The owner of the ground floor flat and two of three others in the same building owns it, yards from Brighton Marina, on a road where a similar flat sold for £322,000 in May 2022.
He kept his properties despite being ordered to repay legal aid costs of around £250,000 after his trial found he should never have been entitled to taxpayer-funded support.
Neighbors on the quiet cul-de-sac where James lived were unaware of his past. One said: ‘I’ve lived here for four years and never heard of him.’
James, who later moved away from his family, devoted himself to teaching salsa. He held weekly classes at the King & Queen pub in Marlborough Place (pictured); here students paid as little as £3 per lesson.
He owns his ground-floor flat (pictured) and two of three others in the same building, just yards from Brighton Marina, on a road where a similar flat sold for £322,000 in May 2022.
It came after Daniel Khalife (pictured), whose mother is a former Royal Signals soldier from Iran, was sentenced to 14 years in prison at Woolwich Crown Court in February 2025 for passing secret documents and names of special forces personnel to Iranian intelligence over a two-year period.
Intelligence and security officials who remember the incident say his continued presence in the UK is an insult to those serving in Afghanistan.

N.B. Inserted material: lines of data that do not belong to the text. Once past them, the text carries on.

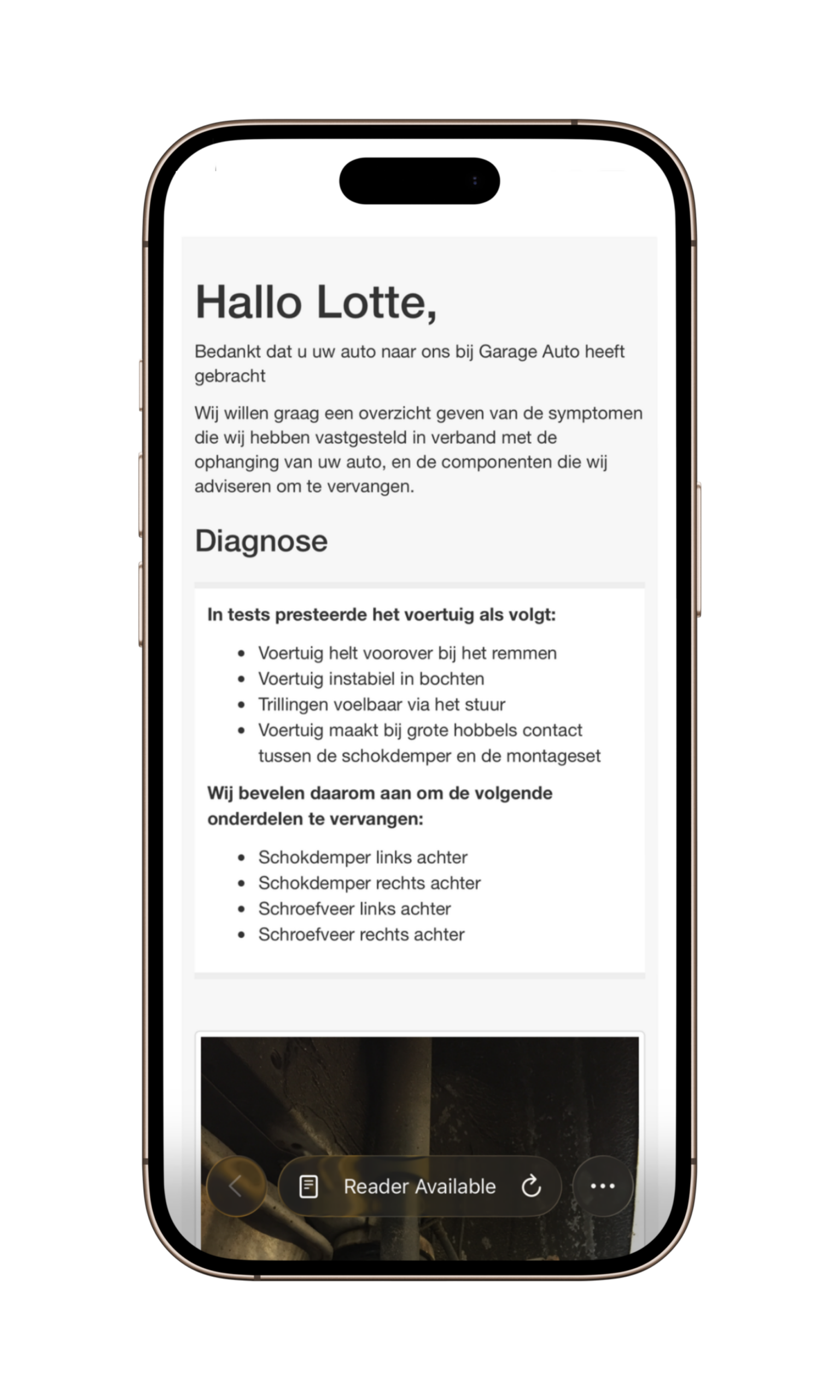 Het rapport is voorzien van het logo van de garage en persoonlijk gericht aan de automobilist.
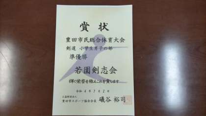 7月2日に行われた豊田市民総合体育大会、剣道において本校の児童が優秀な成績を収めましたので、栄誉を称え校長室にて表彰しました。
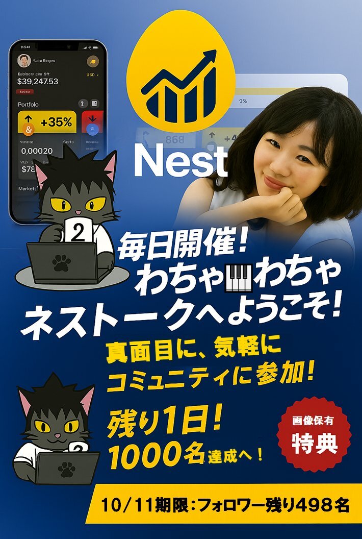 Nestのアプリ、今後の暗号通貨社会で資産管理を家計簿のような感じで使えて必ず必要になってくると思いますクリ☺︎🌰📊📈📉 アプリ開発のためにも是非FiNANCiE内の【Nest】コミュニティのフォロー、拡散のご協力をお願いしますクリ☺︎🌰 1,000人達成まで残り581人! #暗号通貨 #資産管理 #アプリ開発 x.com/cat_man0311/st…
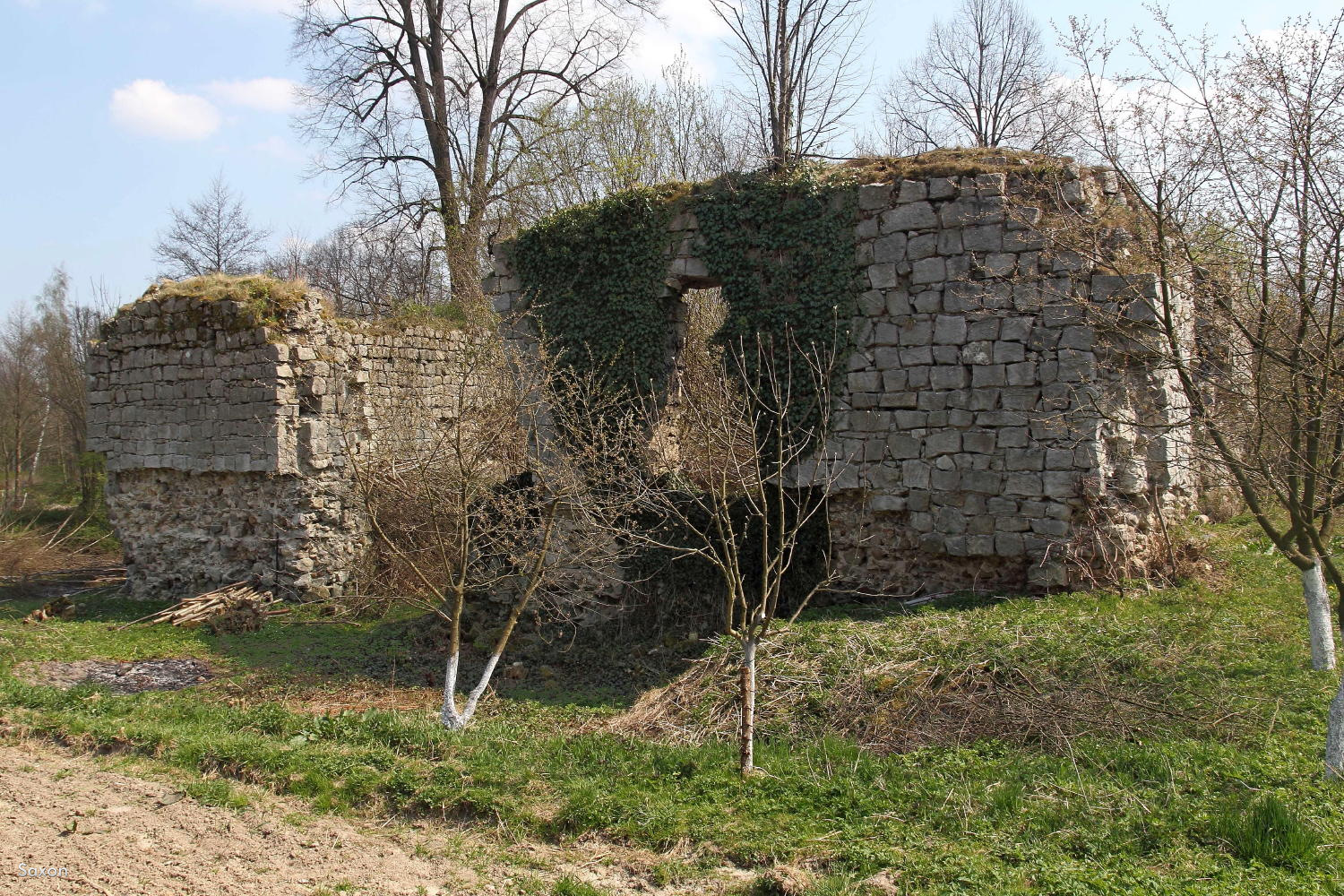 Pierwszym poświadczonym właścicielem wzmiankowanej już w drugiej dekadzie XIII stulecia wsi była rodzina Lange, która trzymała ją w posiadaniu na przełomie XIV i XV wieku. W późniejszym okresie miejscowość należała do rodu Raus-Sendorf (1421) oraz do rady miejskiej Lwówka, skąd w 1500 wykupił ją Siegmund von Zedlitz. On też w pierwszym kwartale XVI stulecia wzniósł na miejscu wcześniejszych umocnień regularny, nizinny zamek. Budowla zamieszkiwana była do połowy XVIII wieku; zniszczona podczas wojny trzydziestoletniej i ostatecznie opuszczona sto lat później, szybko popadła w ruinę.

Colonel Philip Ingram, a former Army intelligence officer who served in Iraq, said: ‘Daniel James was party to some of the most sensitive negotiations being held in Afghanistan, and these were being passed directly to the Iranians. This likely resulted in the deaths of Allied troops.
‘As a dual citizen, his citizenship could and should have been revoked and he should have been thrown out of the country to go and live in Iran. He let his colleagues and his country down.’
Professor Anthony Glees, a national security expert at the University of Buckingham, added: ‘His shamelessness is abhorrent to decent people. He shouldn’t be teaching salsa in Brighton, he should be living in exile in Tehran.
‘The sentence was insultingly mild. ‘There was a real chance of people dying because of his espionage and a ten-year prison sentence for every British soldier who fought and died against the Taliban and indeed Iran was a crime.’
Parliament’s Intelligence and Security Committee warned last year that Iran posed one of the most serious state-based threats to Britain’s national security.
In his annual threat update last October, MI5 director-general Sir Ken McCallum revealed that the service was tracking more than 20 potentially lethal Iran-backed plots in a single year; He warned that the Islamic Revolutionary Guard Corps widely used low-level criminals as proxies to conduct operations on British soil.
In February 2025, Daniel Khalife, whose mother is a former Royal Signals soldier from Iran, was sentenced to 14 years in prison at Woolwich Crown Court for passing secret documents and names of special forces personnel to Iranian intelligence over a two-year period.